Chancellor candidate Armin Laschet said Germany must hit its 2% of GDP NATO defense spending target. The remarks are aimed at his top rival, Annalena Baerbock, who has spoken out against the NATO commitment.

Armin Laschet speaks about Germany's foreign policy at the Konrad Adenauer Stiftung
Armin Laschet spoke about Germany's role in international security policy at the Konrad Adenauer FoundationImage: Bernd von Jutrczenka/dpa/picture alliance

Armin Laschet, the conservative Christian Democratic Union (CDU) party's candidate to be chancellor, on Thursday called on Germany to uphold its goal of spending 2% of its GDP on defense, in line with NATO commitments. 

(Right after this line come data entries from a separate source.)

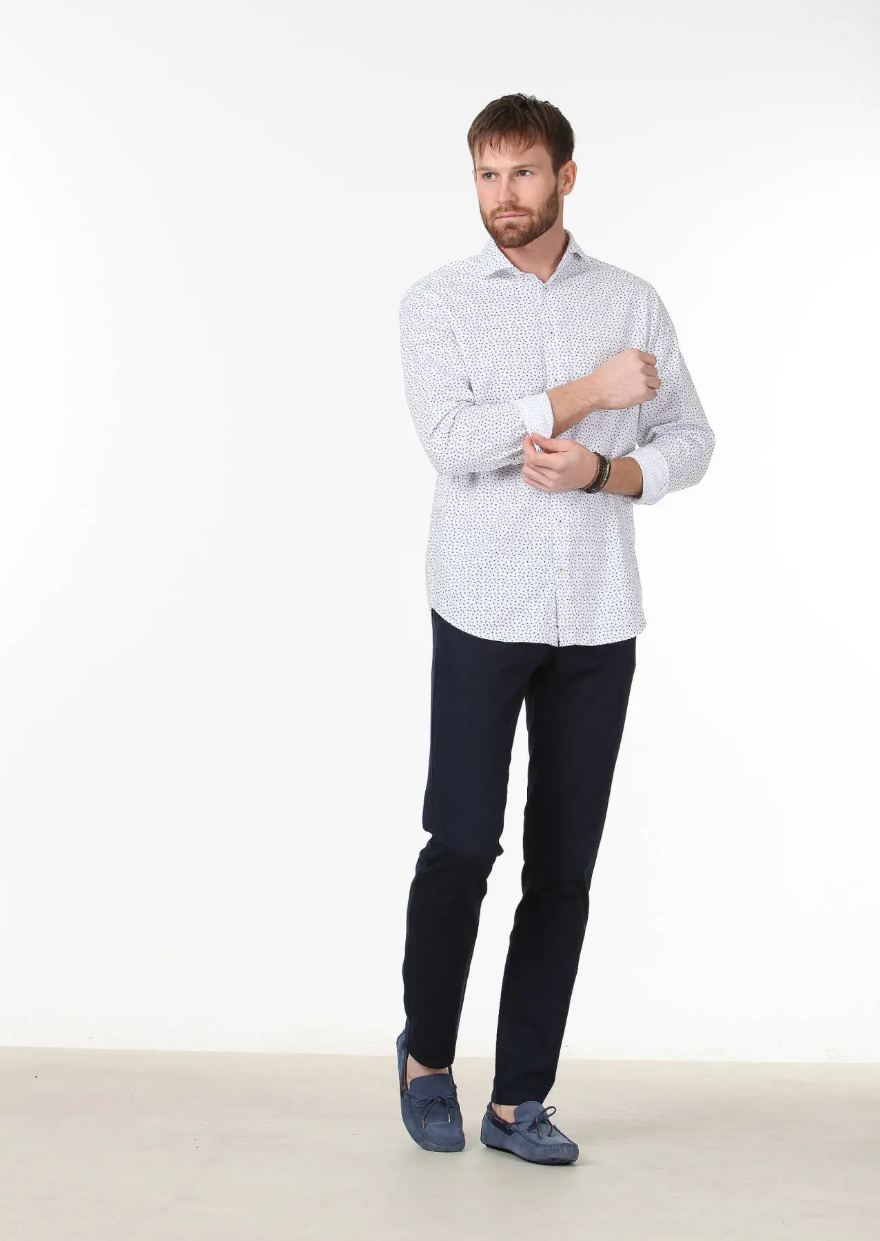 Blue Printed Regular Fit Weaving Casual 100% Cotton Shirt
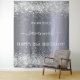 A tapestry for a girly and glamourous 21st (or any age) birthday party. A faux silver looking background with elegant faux silver glitter, sparkles. The text: The name is written in white with a modern hand lettered style script with swases. To keep the swashes only delete the sample name, leave the spaces or emoji's in front and after the name. Personalise and add a name, age 21 and a date. Can be used as wall decor for the party or as a photo booth backdrop.
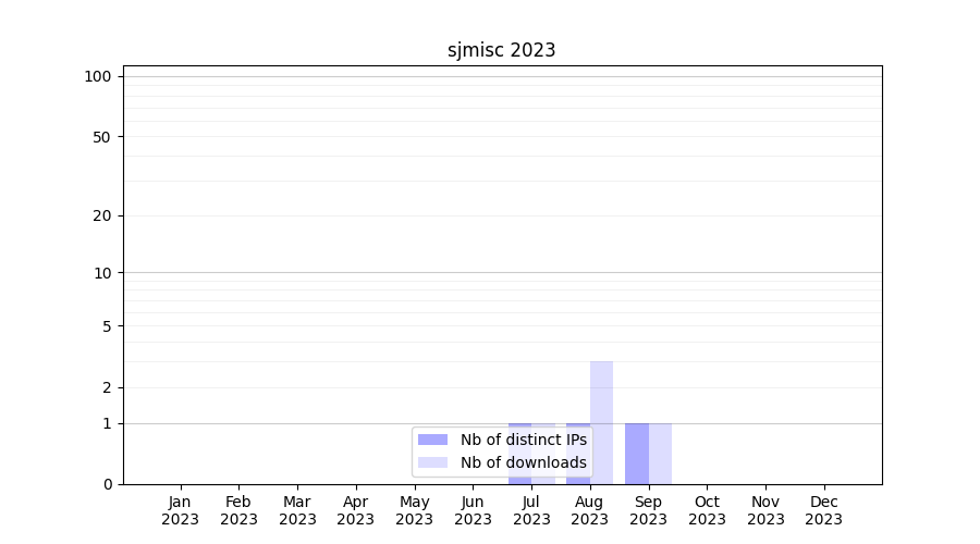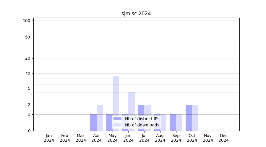 Number of downloads for software package sjmisc, year by year, from 2025 back to 2014 (years with no downloads are omitted):
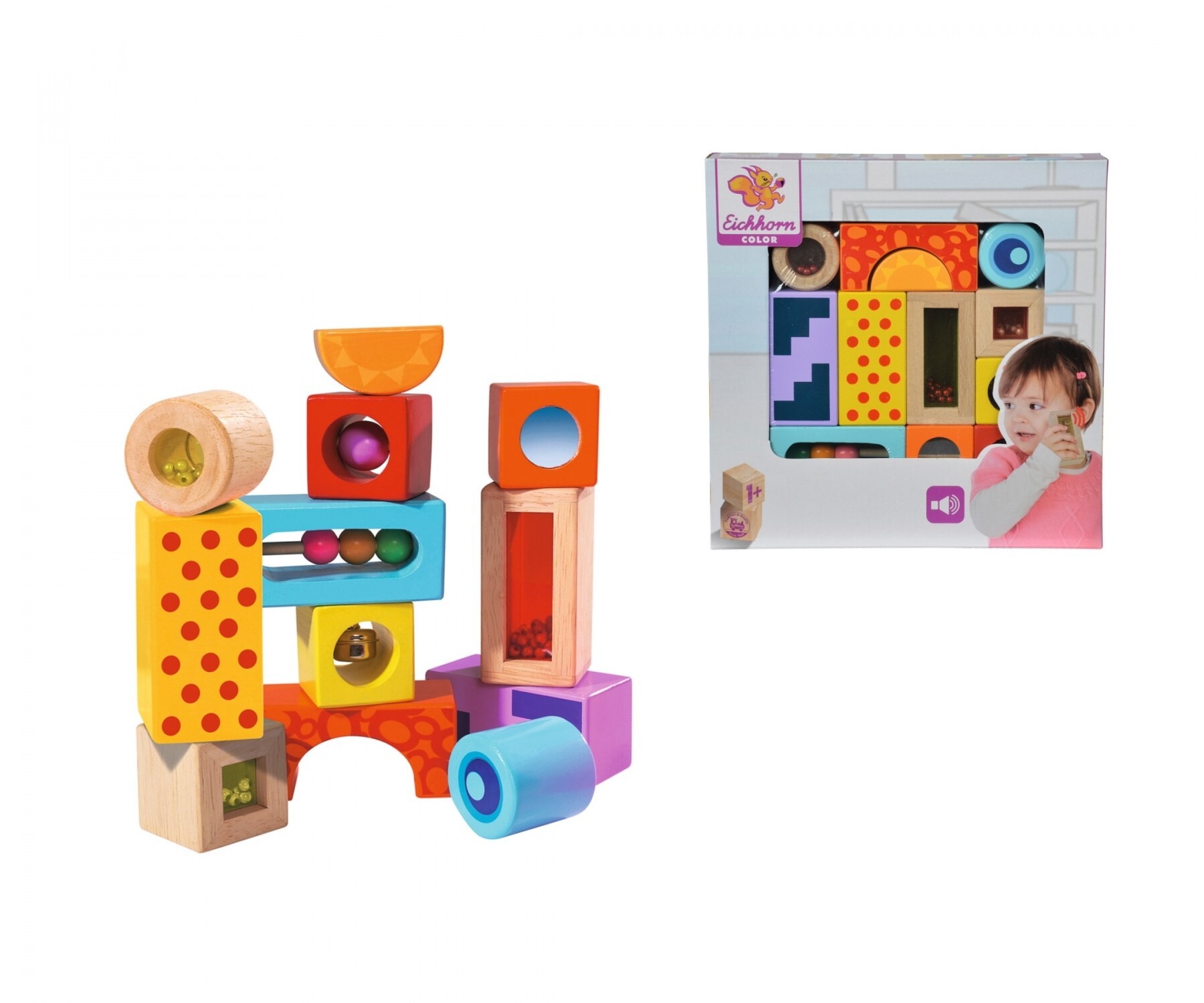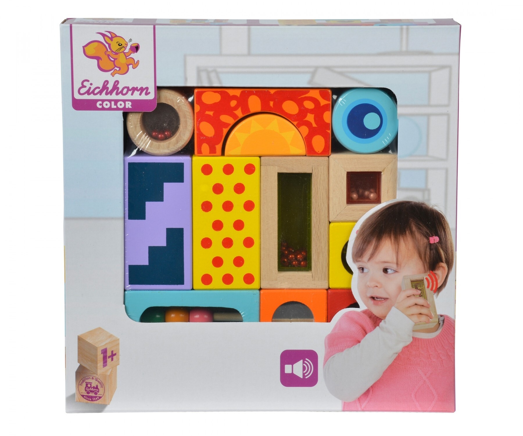 Die 12 Soundbausteine von Eichhorn Color gibt es in verschiedenen Farben und Formen. Die Steine sind jeweils mit Kügelchen, einem Glöckchen oder anderen Dingen bestückt. Dadurch wird die Akustik, Motorik und die Hand-Augen-Koordination Ihres Kindes gezielt gef...
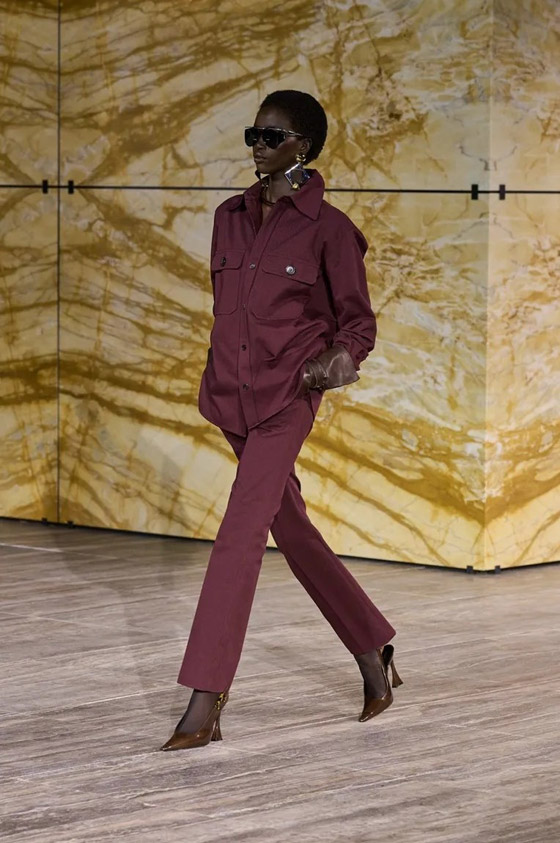 يعد اللون البرغندي اختياراً مثالياً في الإطلالات العملية اليومية، حيث يلهمكِ أكثر من تنسيق ومظهر. فهذه الإطلالة المُنسقة بأسلوب المونوكروم، من «Saint Laurent»، مثالية للمرأة العاملة الأنيقة، التي ترغب في إضافة لمسة من العصرية إلى مظهرها اليومي، ويمكنكِ تنسيقها مع الإكسسوارات الذهبية القوية، وحقيبة وحذاء باللون البني، أو الأسود، للظهور بـ«لوك» خريفي رائع.

Laschet made the comments at the CDU-aligned Konrad Adenauer Foundation in Berlin during an address outlining his foreign policy priorities.

What did Laschet say?

Laschet said the defense spending commitment "should be expected from anyone who strives for the highest offices in Germany" and claimed citizens have a "right" to know where candidates stand on foreign policy and security issues.

Laschet said candidates that are not clear on the defense spending issue would be shirking their responsibilties as chancellor.

The comments are a clear jab at his top rival, Green Party chancellor candidate Annalena Baerbock, who has previously criticized the NATO target as "absurd" and "not really helpful."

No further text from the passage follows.